╭─ Input data

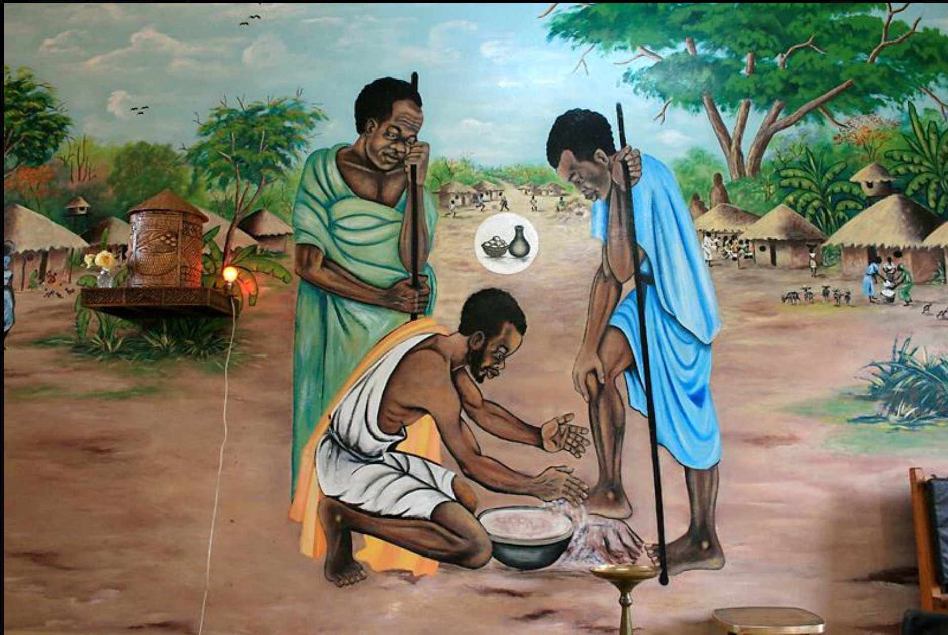
Jesus Washes His Disciples' Feet -- Victoria Falls, Zambia
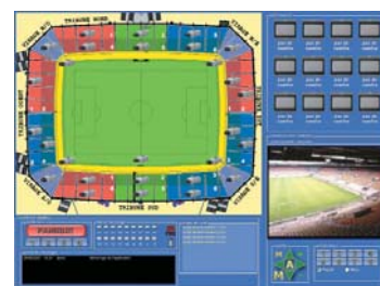
Example of custom user interface
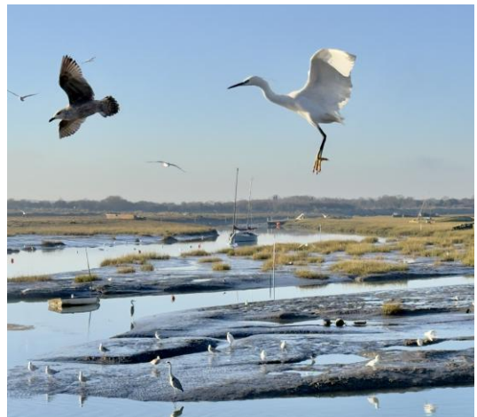
Leigh high low birds everywhere by Alan Lyall
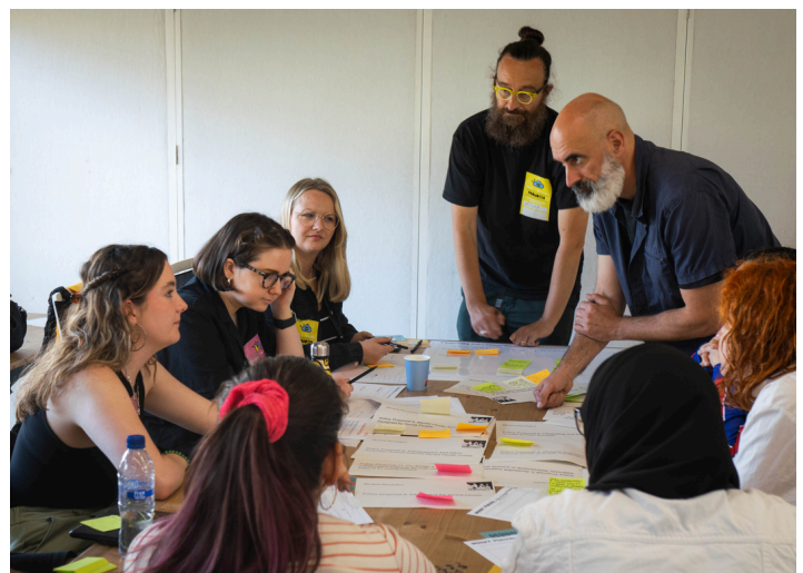
Young people and Platoniq team taking part of Mindset Revolution workshop

For example, evidence that children and young people are more likely to have poor mental health if they experience living in poverty; parental separation, financial crisis or parents with poor mental health. In Spain, people with the means to meet their material needs who suffer from mental health disorders represent 53%, while people that live in precarious conditions represent 68%. When talking about gender, among young people, men with mental disorders represent 52%, while women represent 67%. In the UK, women are three times more likely than men to experience common mental health problems. Also, young people who identify as LGBTQ+ are also more likely to suffer from a mental health condition, which are exacerbated by inequalities in accessing appropriate support.
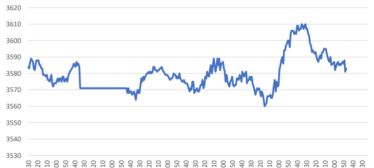
EURO STOXX 50 Future
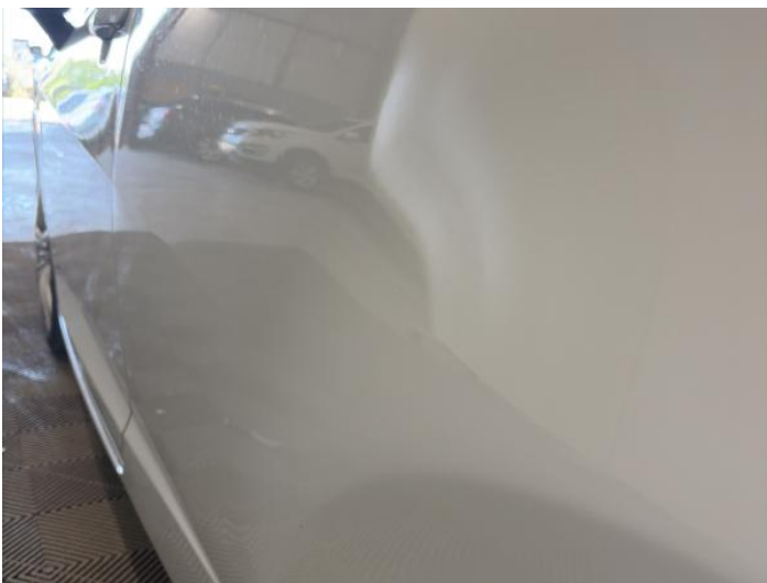
7: Qtr Panel nsr Dented Over 30mm
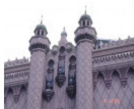
h00438 forum theatre flinders street melbourne flinders street statues she project 2003

╰─

### [Exercise]
In the listing above, which lines include the string "people"? Return every one of them.

### [Expected answer]
Young people and Platoniq team taking part of Mindset Revolution workshop
For example, evidence that children and young people are more likely to have poor mental health if they experience living in poverty; parental separation, financial crisis or parents with poor mental health. In Spain, people with the means to meet their material needs who suffer from mental health disorders represent 53%, while people that live in precarious conditions represent 68%. When talking about gender, among young people, men with mental disorders represent 52%, while women represent 67%. In the UK, women are three times more likely than men to experience common mental health problems. Also, young people who identify as LGBTQ+ are also more likely to suffer from a mental health condition, which are exacerbated by inequalities in accessing appropriate support.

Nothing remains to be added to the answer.